Normalization Module De-duplication — Findings & Task Spec

Standalone doc so it doesn't collide with the in-flight ROADMAP.md rework. Fold into ROADMAP.md (or wherever it lands) once the rework settles.

Purpose

Verify whether the lib/ccxt_extract/normalization/ clone cluster (ExDNA: 30 clones, 1636 nodes) is a templated module family that should collapse into one shared classifier — and if so, scope the refactor.

Method

mix ex_dna — textual clone detection. Flagged 30 clones in normalization/.
mix reach.check --smells + mix reach.map --coupling lib/ccxt_extract/normalization/ — structural / graph analysis.
Manual full read of 4 of the 8 family modules: order.ex, trade.ex, position.ex, ticker.ex. The remaining 4 (market.ex, balance.ex, deposit_address.ex, transaction.ex) appear in the same ExDNA clusters but were not read line-by-line — read them during the refactor itself.

response_envelopes.ex is not in the clone clusters — treat it as outside this family. ohlcv.ex appears in exactly one family-wide clone (a mass-32 block common to all 9 normalization/ modules) but in none of the pairwise order/trade/position clusters — its family membership is marginal; confirm during the refactor whether it joins the shared engine or stays standalone.

Reach results

Coupling (normalization/, 10 modules): every module has afferent = 0 / efferent = 0 / instability = 0.0, zero cycles.
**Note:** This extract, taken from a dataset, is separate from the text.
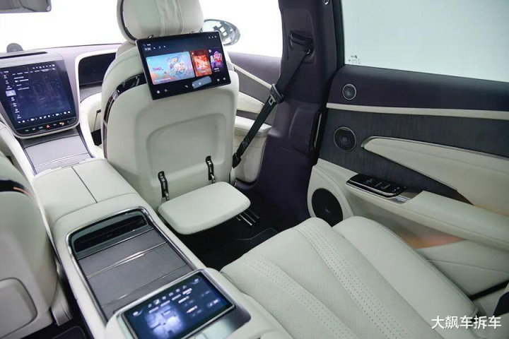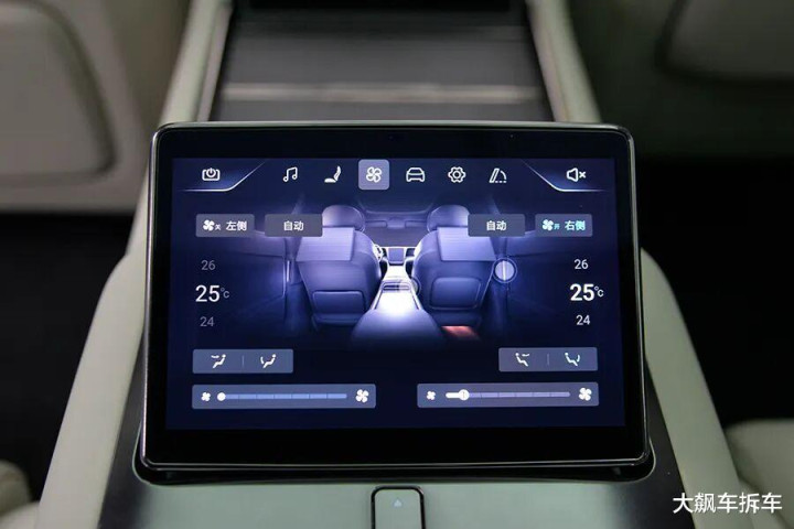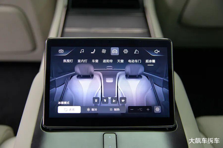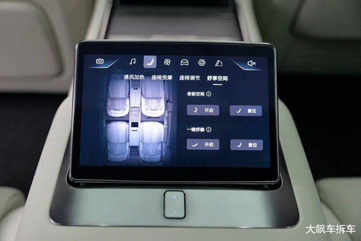 后排中央扶手有一个可升降的液晶屏,可以控制后排座椅、空调、车门、车窗……

The modules never call each other — they are independent siblings. 228 functions, all classified pure. No shared state, no effects, no cycle risk → extraction is mechanically low-risk.

Smells: Reach's behaviour_candidate detector fired once — and not on the normalization family. It flagged Describe / LoadMarkets / SigningFixtures / UrlTemplates sharing public extract/1, extract_one/2, write!/2. Only 4 findings landed in normalization/, all local nits (none about cross-module duplication).

Why Reach and ExDNA disagree: ExDNA matches token sequences regardless of visibility. Reach's behaviour_candidate keys on shared public callback sets. The normalization family's only public surface is derive/1 + unified_fields/0; the 30 clones are all defp. So the duplication is private implementation duplication, not a shared public contract — a @behaviour is the wrong tool here. A shared module (plain helper module, or a use macro injecting the private engine) is the right one.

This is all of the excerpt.